Right, I am such a person that has been confused. ;)

Thanks for explaining.

> Talking about another tangent:
> 
>   For files there is a rename detection available. For submodules
>   It is hard to imagine that there ever will be such a rename detection
>   as files have because of the explciit name<->path mapping.
> 
>   We *know* when a submodule was moved. So why even try
>   to do rename detection? As we record only sha1s for a submodule
>   you could swap two submodule object names by accident.
>   Consider a superproject that contains different kernels, such as
>   a kernel for your phone/embedded device and then a kernel for
>   your workstation or other device.

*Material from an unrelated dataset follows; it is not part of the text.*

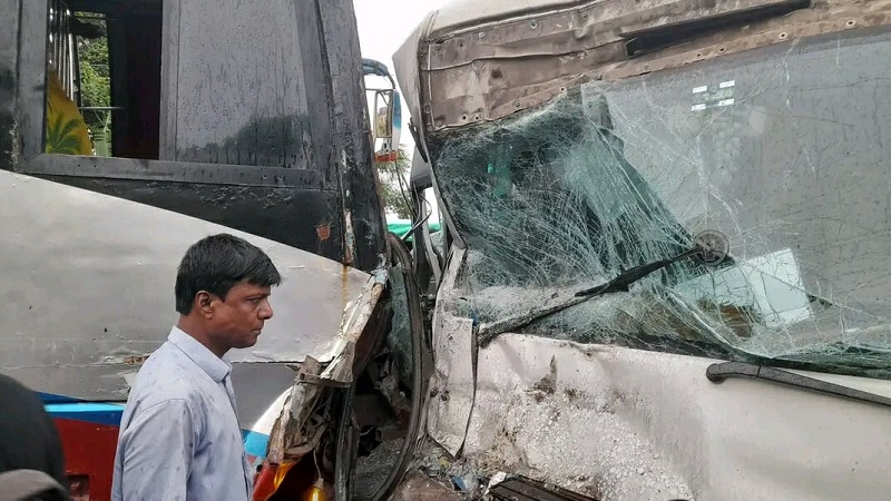 ইবির শিক্ষকবাহী কোস্টারের সাথে যাত্রীবাহী বাসের মুখোমুখি সংঘর্ষ

And these two kernels are different
>   for technical reasons but share the same history.

Do you mean during the rename detection phase of a diff, check to see if
.gitmodules registered a change in path for a particular module (by
finding its entry in the diff and looking at both sides), and if so then
mark that as a rename for the submodule paths?

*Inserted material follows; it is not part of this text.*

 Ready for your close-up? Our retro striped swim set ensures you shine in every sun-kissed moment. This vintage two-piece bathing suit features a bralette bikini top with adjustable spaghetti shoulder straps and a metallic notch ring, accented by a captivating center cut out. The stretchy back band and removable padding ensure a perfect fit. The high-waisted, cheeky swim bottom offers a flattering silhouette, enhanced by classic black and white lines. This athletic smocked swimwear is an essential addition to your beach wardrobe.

>From a cursory glance, that sounds like an interesting approach.

-Peff


Re: [PATCH 1/2] add: warn when adding an embedded repository

2017-06-14 Thread Stefan Beller
On Tue, Jun 13, 2017 at 11:36 PM, Jeff King  wrote:
> On Tue, Jun 13, 2017 at 10:07:43AM -0700, Stefan Beller wrote:
>
>> > I also waffled on whether we should ask the submodule code
>> > whether it knows about a particular path. Technically:
>> >
>> >   git config submodule.foo.path foo
>> >   git config submodule.foo.url git://...
>> >   git add foo
>> >
>> > is legal, but would still warn with this patch. I don't know
>> > how much we should care (it would also be easy to do on
>> > top).
>>
>> And here I was thinking this is not legal, because you may override
>> anything *except* submodule.*.path in the config. That is because
>> all the other settings (such as url, active flag, branch,
>> shallow recommendation) are dependent on the use case, the user,
>> changes to the environment (url) or such. The name<->path mapping
>> however is only to be changed via changes to the tracked content.
>> That is why it would make sense to disallow overriding the path
>> outside the tracked content.
>
> It was probably a mistake to use normal config as the example. Junio
> mentioned it as a case that could work if you communicate the submodule
> URL to somebody else out-of-band. My understanding was that you could
> set whatever you like in the regular config, but I think that is just
> showing my ignorance of submodules.
>
> Pretend like I said "-f .gitmodules" in each line above. ;)
>
>> In my ideal dream world of submodules we would have the following:
>>
>>   $ cat .gitmodules
>>   [submodule "sub42"]
>> path = foo
>>   # path only in tree!
>
> TBH, I am not sure why we need "path"; couldn't we just use the
> subsection name as an implicit path?

That is what was done back in the time. But then people wanted to rename
submodules (i.e. move them around in the worktree), so the path is not
constant, so either we'd have to move around the git dir whenever the
submodule is renamed (bad idea IMO), or instead introduce a mapping
between (constant name <-> variable path). So that was done.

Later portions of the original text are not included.